嘉川村(読み)かがわむら

日本歴史地名大系 「嘉川村」の解説

嘉川村
かがわむら

[現在地名]山口市大字嘉川

椹野ふしの川の下流西岸に位置し、北は中下郷なかしもごう(現吉敷郡小郡町)、南は江崎えざき村、東は椹野川を隔てて名田島なたじま村に接する。村内を東北から西南に山陽道が通る。賀川とも記す。小郡宰判所属。

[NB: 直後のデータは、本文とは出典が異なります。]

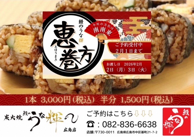 今年の恵方巻は広島城三の丸「炭火焼 鰻のうな輝 広島店」で 2026.01.12 ─2026.01.12 MORE 【終了】祝・新二十歳!しろうニャと広島城天守を背景に写真を撮ろう! 2026.01.12 ─2026.01.12 MORE 広島城三の丸 年末年始のご案内 2025.12.28 ─2026.01.03 MORE 【終了】閉城前の天守に入れる“最後”のコスプレイベント!「城コス!広島きゃっする」 2025.12.07 ─2025.12.07 MORE 【終了】お城でクリスマス in 広島城三の丸 2025.12.05 ─2025.12.25 MORE 【終了】初開催!日本酒片手に「広島城三の丸 呑める古本まつり」 2025.11.21 ─2025.11.24 MORE 【終了】広島城三の丸で楽しむ秋の三連休!こだわりの逸品が集う「暮らし彩り市」を開催 MORE お堀を巡る「広島城遊覧船」10月25日(土)運航開始! MORE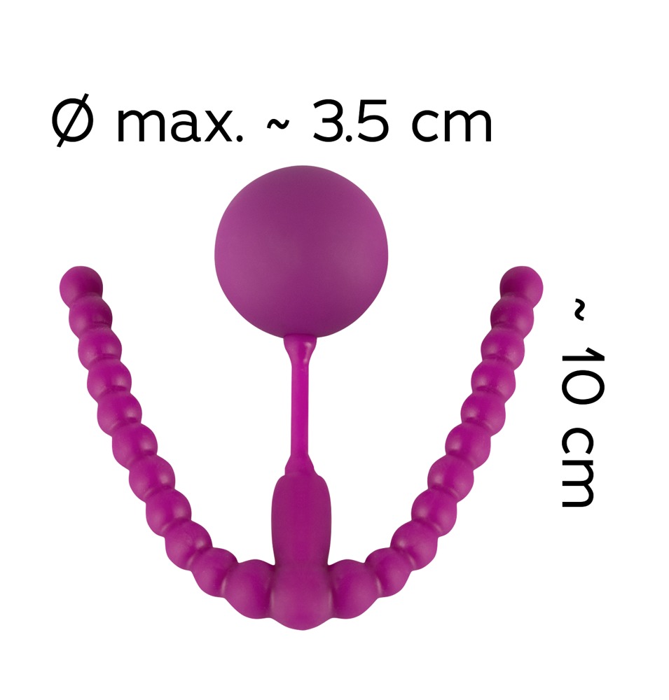Długość całkowita 19,4 cm, Ø kuli 3,5 cm, waga 46 g. Silikon, PU.

古代の賀宝かがほ郷のうち、椹野川の流域の閑地は開発されて東大寺領の荘園椹野庄となったが、近世の嘉川村域もこの荘域に入っていたと思われる。もっとも、嘉川村の南部から佐山さやま村にかけての地には安楽寿あんらくじゆ院領賀川かがわ別庄があり、その荘域に属する所もあったかもしれない。「閥閲録」所収の三田尻裁判文書に合物商の兄部文書があるが、その元応元年(一三一九)正月の文書に「周防国合物売商人等長職也」とあり、その商売の権利をもつ範囲として「西者限賀川市」とみえる。慶長五年(一六〇〇)検地帳によると、当時の賀川は「注進案」でいう賀川村・江崎村を併せた地域で、明治二二年(一八八九)以降の嘉川村と同じ範囲である。